Woodward provides a history of the challenge to Darwinian evolution that has been mounted in recent times by folks questioning the evidence for Darwinism. The “Intelligent Design” movement is a group that consciously distinguishes itself from the “Young-Earth Creationist” stereotype that are often associated with the rejection of Darwinism. The book mostly covers the time from the publication of Michael Denton’s Evolution: A Theory in Crisis up to recent work by William Dembski. Although it gives the timeline of events and overview of the main players in this issue (there are chapters largely devoted to each of Michael Denton, Phillip Johnson, Michael Behe, and William Dembski), the book also focuses on the history of the rhetorical approaches people have taken in debating the issue. So it’s also a kind of history of argumentation. I found that these parts of the book were often interesting because of the lessons they give in how to argue, but occasionally the digressions into rhetorical theory seemed to me to be a bit of a distraction from the “narrative” of the events being talked about.

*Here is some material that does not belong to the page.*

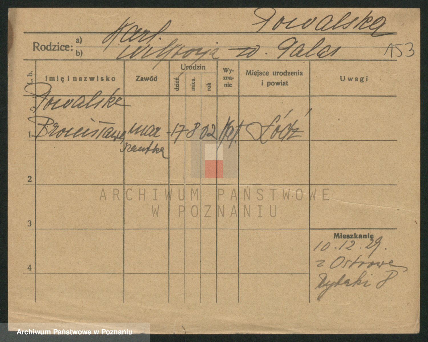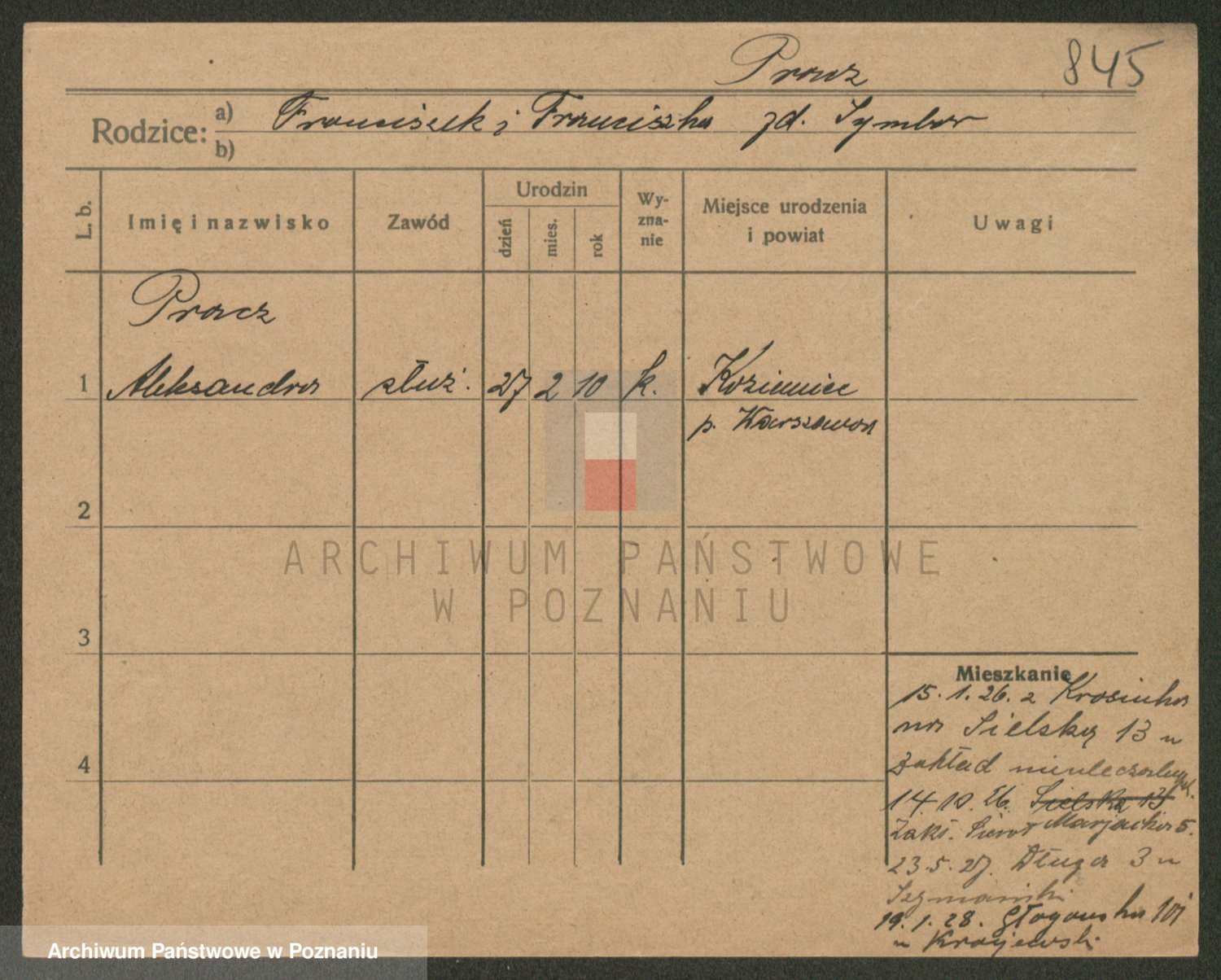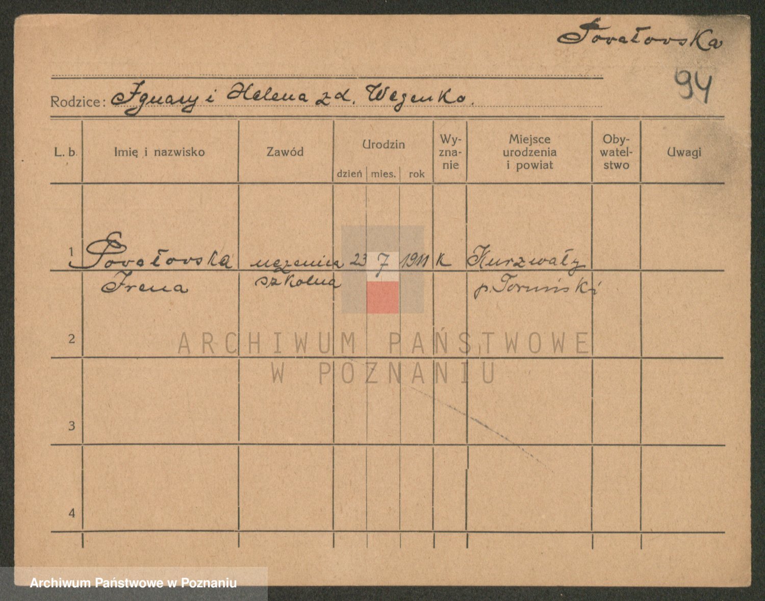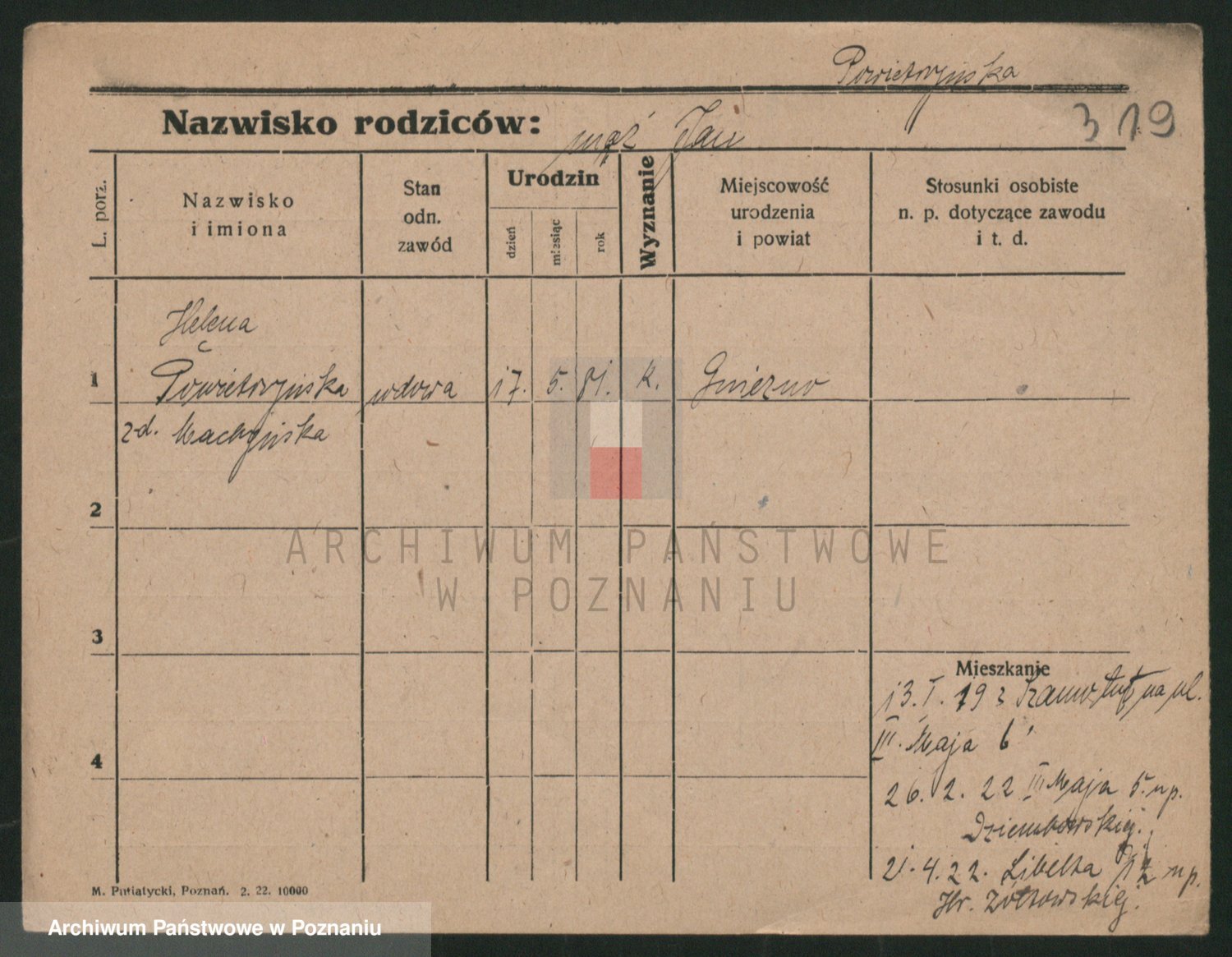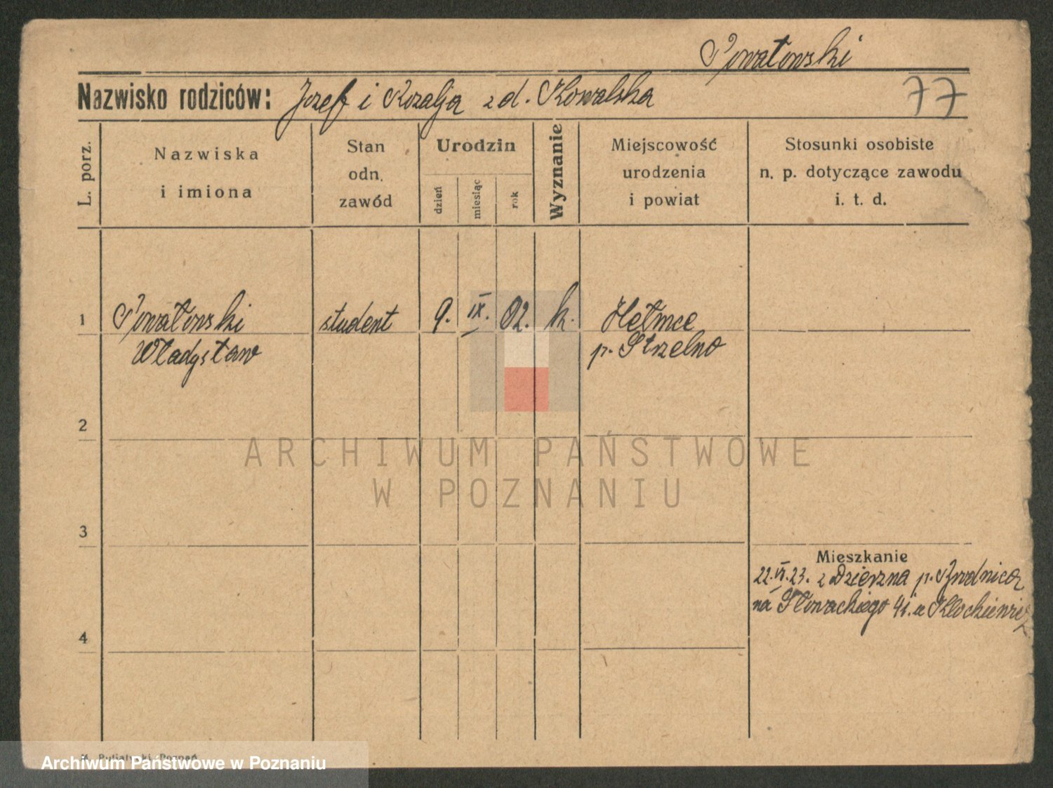 Podgląd karty osobowej dostępny jest po kliknięciu na nazwisko lub ikonkę karty. Można dokonywać powiększenia (ikony na górze) lub przechodzić między kolejnymi skanami (strzałki po bokach).

The book is definitely worth reading in that it succinctly gives an overview of the issues involved in the debate and shows how the argumentation of the protagonists and antagonists have changed and developed (“evolved”!) as they have interacted over recent years. Woodward provides a good shortcut to getting a handle on the debate without having to read all the books that have lead up to the current state of play. Having said that however, I think I’m going to read (or re-read, since I am familiar with some or most of the books of Johnson, Behe and Dembski) some of those books in the near future anyway, because it is a fascinating topic!

A good website for more on this sort of stuff is the Access Research Network.